Наверное, только эти облегчающие слезы да краткий миг взаимопонимания — единственное, что драгоценно во всякой жизни и всяком искусстве. Напоследок о двух важных вещах: у Михаила Щербакова — вероятно, лучшего современного российского поэта и уж точно единственного барда — есть хорошая песня «Гостиница», в которой вся российская жизнь полно описывается одной метафорой. «Чудный номер с видом на балкон с мангалом, телевизор „Чайка“ — хоть весь день смотри… Велико ли горе, что по всем каналам матч „Алжир — Марокко“, счет четыре — три? Никаких событий, разве что посуда треснет или мебель опрокинется. Ни одной химеры, ни ногой отсюда, здесь любому угол, здесь гостиница». Вся Россия — плохая провинциальная гостиница, потому что никто из нас здесь не хозяин. Сделав свою героиню хозяйкой гостиницы, И.Грекова очень точно почувствовала национальную особенность женской участи: быть хозяйкой там, где ты по определению не хозяйка, — вот предназначение женщины при советской власти да и при любой российской власти. Мы не хозяева, Раша не наша, поэтому и жизнь в ней такая неуютная, и комнаты так загажены. Но власть никогда не поймет главного: чтобы комнаты стали чистыми, они должны быть своими. Страну никто и никогда не отдаст населению. Потому оно и относится к ней соответственно. В том-то и дело, что отчуждение человека от страны — главная тенденция момента, ставшая сегодня абсолютно очевидной, — поймано у Говорухина с великолепной, снайперской точностью. Героиня всегда живет в общежитиях, чужих хатах, всегда заново белит чужую печку и наводит уют в чужом неуюте, а чуть где обживется — тут же переезжает. И работает в гостинице. И собственный ее дом — гостиница, потому что нет в нем того единственного, кто бы этот дом поддерживал и латал. Если появится в нем такой хозяин — вроде михайловского моряка или баталовского Гоши, — можно будет жить. Но вот появится ли? Дадут ли? И не начнет ли он с того, что сделает невыносимой жизнь всего населения?

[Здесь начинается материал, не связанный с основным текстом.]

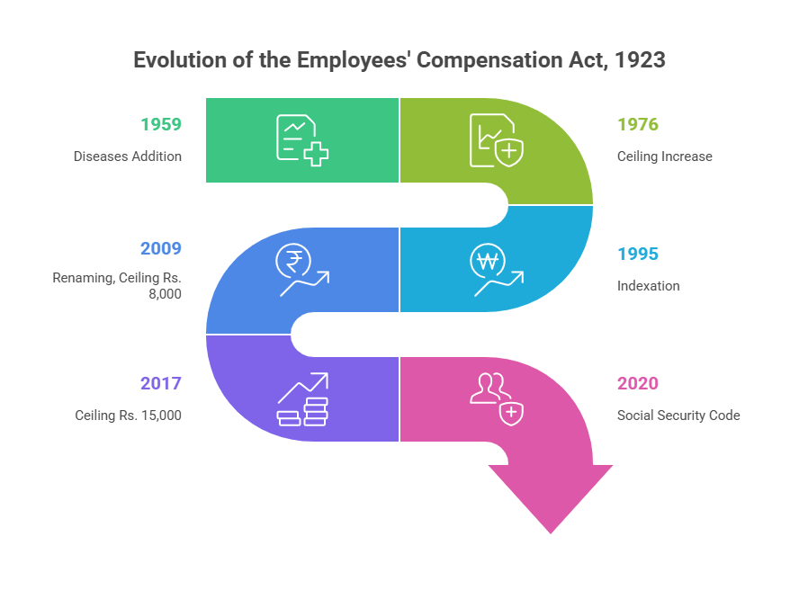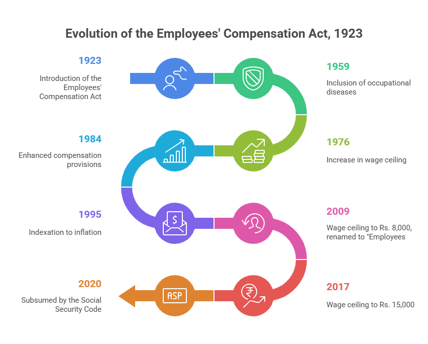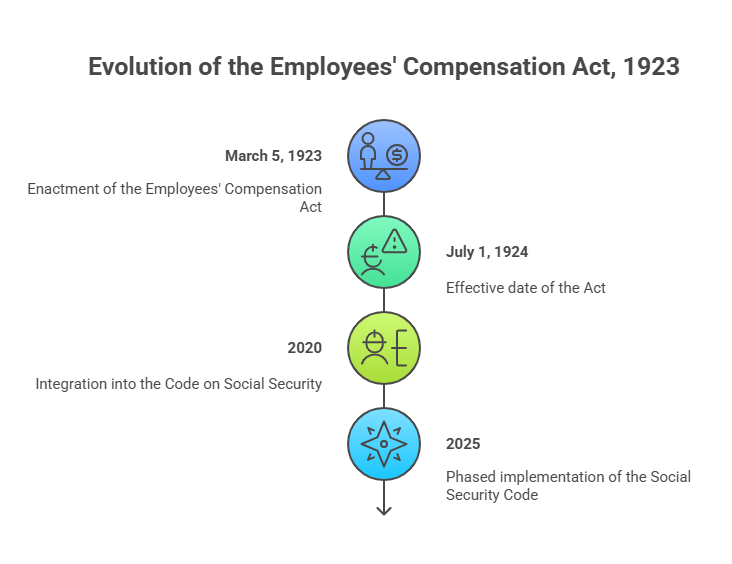 The Employees’ Compensation Act, 1923, emerged during British colonial rule to address rising industrial accidents in sectors like mining, railways, and textiles, where workers faced hazardous conditions without adequate protection.
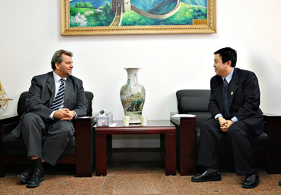 会谈在亲切友好的气氛中进行。杨宾副书记对施罗德先生(Retzlaff-Schroeder)的来访表示欢迎。杨书记说,学校对Lufthansa Technic AG与beat365中文官方网站的合作给以充分的支持,希望双方能在更多领域开展多层次的合作与交流。杨宾副书记还向来宾介绍了beat365的基本情况,并与施罗德先生(Retzlaff-Schroeder)交换了礼物。

И второе наблюдение, касающееся уже нашего критического цеха. Сильный режиссер, которому все мы обязаны несколькими замечательными минутами (вне зависимости от того, что нам больше нравится — «Вертикаль» или «Вторжение», «Место встречи» или «Великая криминальная революция»), сделал сложное и точное кино в абсолютно новой для себя и для нас манере. Где хоть одна серьезная статья о картине и хоть одна публикация, которая бы объяснила зрителю, что его, собственно, ждет в зале? Фильм шел в нескольких московских кинотеатрах на десятичасовых сеансах. Пенсионеры, конечно, в кино не ходят, но неужели итоги XX века, как его видит Говорухин, интересны только пенсионерам? Если выстраивать прокат исключительно в соответствии с рентабельностью, не останемся ли мы наедине с «Детьми шпионов»?..

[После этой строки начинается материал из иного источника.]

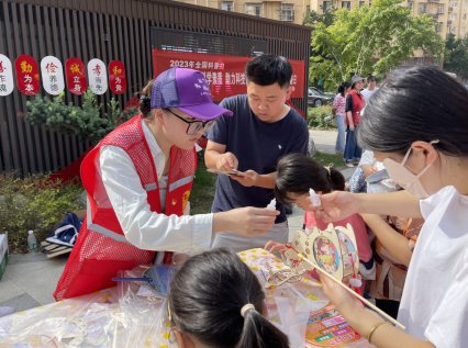此次活動中包含有團(tuán)扇制作體驗區(qū)、花燈制作講解區(qū)、漢服體驗區(qū)、中醫(yī)推拿體驗區(qū)以及其他一些娛樂活動。活動現(xiàn)場小區(qū)居民人頭攢動,大家臉上洋溢著笑容,紛紛表現(xiàn)出對此次活動的興趣。
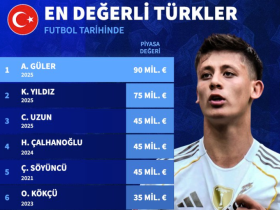德转列土耳其球员历史身价榜:居莱尔9000万欧元高居第一
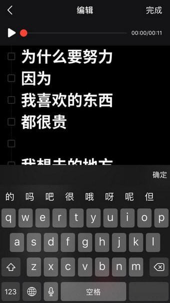 3、如果识别的文字偶尔不准确,可以在“编辑”界面进行优化和详细排版。编辑和设置文本动画的规则是:每个动画一行,空行代表文本动画的翻转效果。
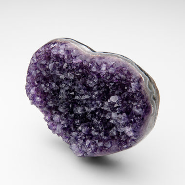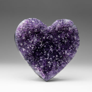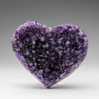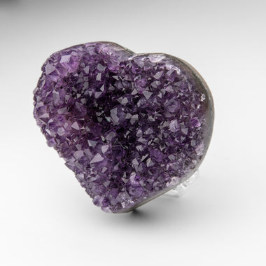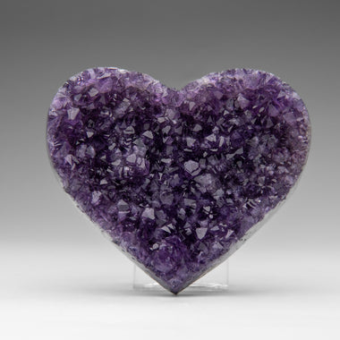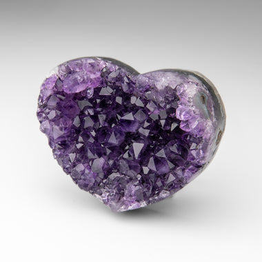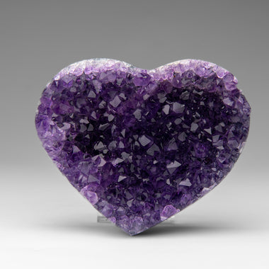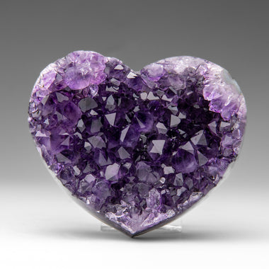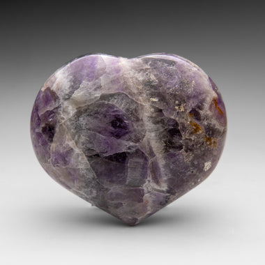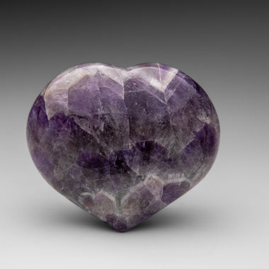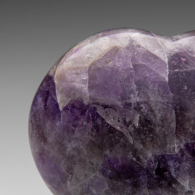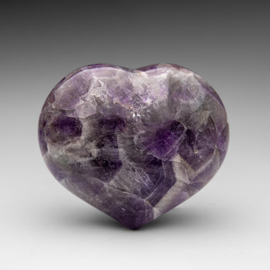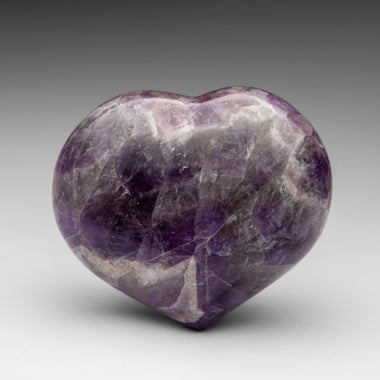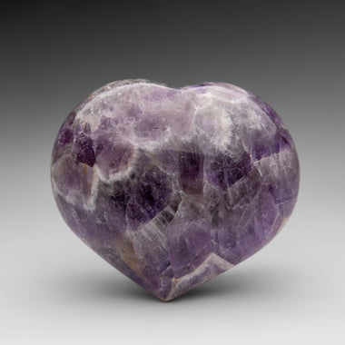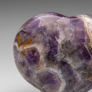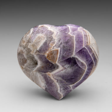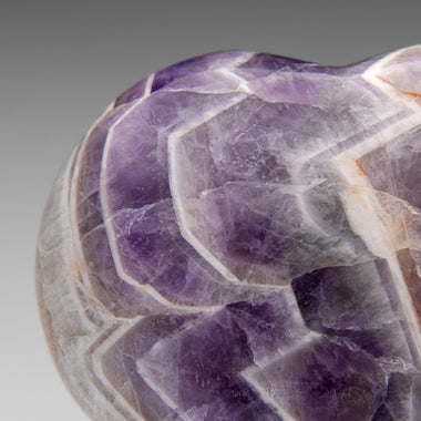 This premium polished chevron amethyst heart showcases a vibrant purple hue with translucent to transparent clarity. Chevron Amethyst features a di...

Задача кино — освоение коллективного исторического опыта. С.Говорухин показывает, что стало с нашей памятью. Он рефлексирует над страшной редукцией нашего прошлого, превратившегося в набор ничего не объясняющих штампов. Он — кажется, единственный сегодня — задается главным вопросом: каков моральный урок советской истории, которую сегодня можно полагать законченной? Его ответ можно обсуждать. Но это полноценное и ответственное высказывание в эпоху, когда либеральные и тоталитарные версии отечественной истории одинаково неубедительны и надо искать какой-то новый угол зрения.
№ 2, февраль 2004 года
Бедные души, или Мертвые родственники
Один из моих любимых анекдотов: «В продаже появились поддельные елочные игрушки. С виду они совсем как настоящие, но, в отличие от них, не доставляют малышам никакой радости».

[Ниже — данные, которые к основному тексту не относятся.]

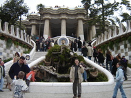 Back on the ground our legs were shaking from the walk. We went into some of the parks either side to get a long distance vantage. We had to wait as crowds of Asians pushed into the spot we wanted to stand. When they went off to photograph men playing boules we got our photos. We then rode the Metro over to the park that Gaudi developed on top of a mountain. The walk up to the park was so steep that Barcelona has installed escalators for the tourists to use. In the park we wandered around many bizarre structures built by Gaudi. His style works much better with nature around it, unlike his buildings that seem to stick out because they are so unusual. After having our fun clambering around the park we walked back through some more 'derelict' suburbs to the Metro stop. It amazes me what some people will live in, and then I have to remember that conditions here are so much better than many other places in the world that people want to live in them. I think Europe has taught me that I enjoy space around my single story, free standing home (actually I already knew that - Europe has just confirmed it for me).
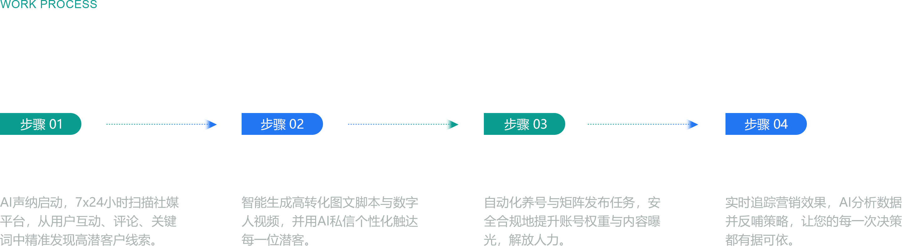 我们利用AI技术,在纷繁的社媒流量中,为您精准识别、触达并转化高
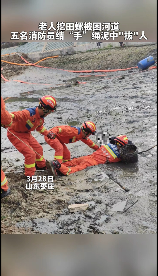 老人挖田螺被困河道 五名消防员结“手”绳泥中“拔”人
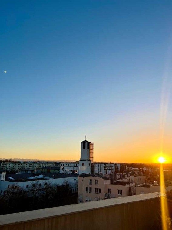 Ein besonders Highlight ist die gemeinschaftliche Dachterrasse auf dem Hausdach von der man einen wunderbaren Weitblick in die Berge und über München genießen kann.
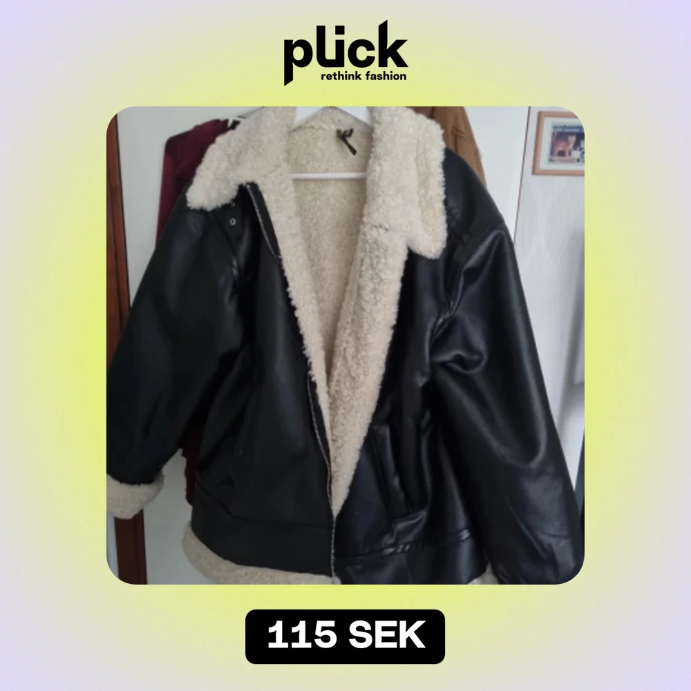 Läderjacka från H&M storlek L. Den är rätt så oversized och väldigt skön.
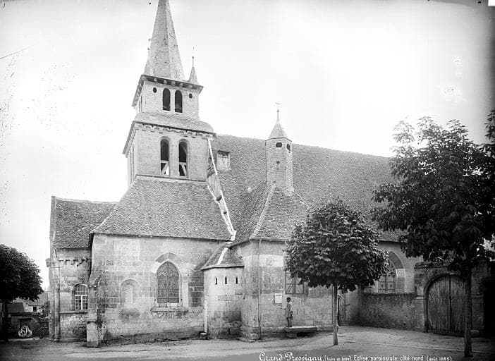 Le choeur et les trois travées qui le précèdent sont du 12e siècle. La nef et le bas-côté nord datent du 14e siècle, mais ont subi divers remaniements. Le clocher appartiendrait au 16e siècle et la flèche au 17e. L'abside a été modifiée au début du 20e siècle. Les fenêtres romanes, qui avaient disparu, ont été reconstituées, ainsi que les colonnettes ornant l'intérieur du choeur. La travée supportant le clocher possède une voûte en coupole sur plan rectangulaire.
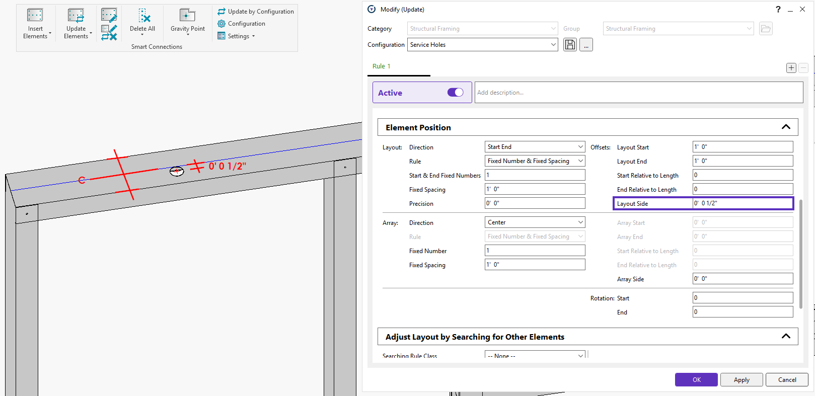 # How to insert service holes in horizontal tracks using Smart Connections?

Почти все российские фильмы 2003–2005 годов идеально подпадают под это определение. В них все как положено. Утрачена подростковая угловатость 90-х, ушли эстетское самолюбование, дешевая и претенциозная артхаусность, давно не в моде тарковские длинноты и вгиковские многозначительности, похоронены братки, крутизна выродилась в самопародию — кино заново учится быть вменяемым, и не беда, что достигает пока в лучшем случае уровня мейнстримной мелодрамы застойных времен. После двухсотпроцентного спада радует и десятипроцентный подъем. Печально другое: даже относительно удачные картины выглядят, как краски без холста. Краски подобраны более или менее удачно, но при этом висят в воздухе. Нет чего-то серого, незаметного, однако основного, держащего все компоненты вместе.